Creating a Custom Data Transformer using Scikit-Learn

In machine learning, a data transformer is used to make a dataset fit for the training process. Scikit-Learn enables quick experimentation to achieve quality results with minimal time spent on implementing data pipelines involving preprocessing, machine learning algorithms, evaluation, and inference. <!--more-->

Introduction

Scikit-Learn provides built-in methods for data preparation before the data is fed into a training model. However, as a data scientist, you may need to perform more custom cleanup processes or adding more attributes that may improve your model's performance. To do that, you will need to create a custom transformer for your data.

In this article, we will look at how to do that.

Prerequisites

To follow along with this tutorial, you should have:

  1. A good understanding of the Python programming language.
  2. Familiarity with the Numpy and Pandas libraries.
  3. A basic knowledge in using Jupyter Notebooks or any other notebook-based technology, e.g., Google Colab.
  4. Python and the libraries mentioned above installed.

Let's jump into it.

The code snippets are tailored for a notebook, but you can also use regular python files.

Getting Started

Loading the data

We will get our dataset from this repository using the following script:

import os
import tarfile
from six.moves import urllib

OUR_ROOT_URL = "https://raw.githubusercontent.com/ageron/handson-ml/master/"
OUR_PATH = "datasets/housing"
OUR_DATA_URL = OUR_ROOT_URL + OUR_PATH + "/housing.tgz"

def get_data(our_data_url=OUR_DATA_URL, our_path=OUR_PATH):
      if not os.path.isdir(our_path):
            os.makedirs(our_path)
      #setting the zip file path      
      zipfile_path = os.path.join(our_path, "housing.tgz")
      #getting the file from the url and extracting it
      urllib.request.urlretrieve(our_data_url, zipfile_path)
      our_zip_file = tarfile.open(zipfile_path)
      our_zip_file.extractall(path=our_path)
      our_zip_file.close()

get_data()

The code is for downloading the data from the URL to not dwell on it. First, we imported the os module for interacting with the Operating System. After that, we imported the tarfile module for accessing and manipulating tar files. Lastly, we imported the urllib for using URL manipulation functions.

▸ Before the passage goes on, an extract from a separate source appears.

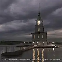 In 2009, a project was launched to save the church, which collected historical and archival data about the temple, received expert opinions about its historical, architectural and cultural value, examined its technical condition and organized dozens of volunteer expeditions to carry out priority anti-emergency works, including the construction of a dam to protect the church from waves and ice.[3][4][5] In the future, the project provides for the construction of a memorial chapel in the lower tier of the bell tower of the chirch and the styling of the lighthouse in the upper tier.[6]
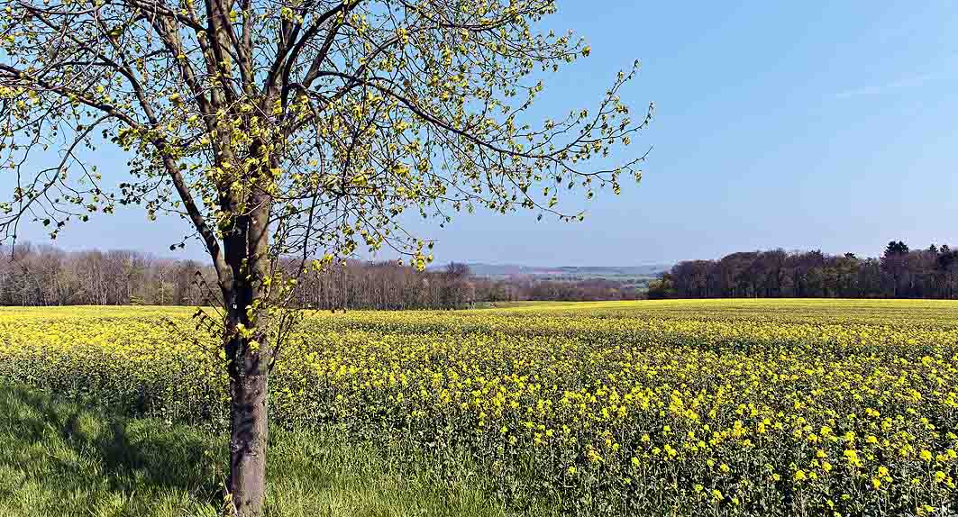 So langsam wird es wieder gelb auf den Feldern der Müritz-Region, wie hier in der Nähe von Klocksin. Jedes Jahr buchen zahlreiche Urlauber Quartiere in der Region, nur um die Rapsblüte live und in Farbe zu erleben.

Then, we set our paths appropriately. In the get_data() function, we made a directory for our data, retrieved it from the URL then extracted and stored it.

So, in your working directory, you will notice a directory called datasets created. On opening it, you will get another directory called housing with a file named housing.csv in it. We will use this file.

We call the function. Then, we will load the CSV file:

import pandas as pd

def load_our_data(our_path=OUR_PATH):
    #setting the csv file path
    our_file_path = os.path.join(our_path, "housing.csv")
    #reading it using Pandas
    return pd.read_csv(our_file_path)

our_dataset = load_our_data()

First, we imported the pandas library, which loads the CSV data from the specified path, our_file_path.

You can view the data by:

our_dataset.head()
our_dataset.info()

Cleaning the data

The cleaning operation we will do here is filling empty numeric attributes with their median values. We will use the SimpleImputer, an estimator, to do that. But, first, we set the strategy to median to calculate the median value for each column's empty data.

from sklearn.impute import SimpleImputer
'''setting the `strategy` to `median` so that it calculates the median value for each column's empty data'''
imputer = SimpleImputer(strategy="median")
#removing the ocean_proximity attribute for it is textual
our_dataset_num = our_dataset.drop("ocean_proximity", axis=1)
#estimation using the fit method
imputer.fit(our_dataset_num)
#transforming using the learnedparameters
X = imputer.transform(our_dataset_num)
#setting the transformed dataset to a DataFrame
our_dataset_numeric = pd.DataFrame(X, columns=our_dataset_num.columns)

We dropped the ocean_proximity attribute because it's a text attribute that will handle in the next section.

The result produced is an array, so we converted it to a DataFrame.

Handling text and categorical attributes

We cannot handle text and numerical attributes similarly. So, for example, we cannot compute the median of text.

We will use a transformer for this called the OrdinalEncoder. It is chosen because it is more pipeline friendly. Moreover, it assigns numbers to the corresponding text attributes, e.g., 1 for NEAR and 2 for FAR.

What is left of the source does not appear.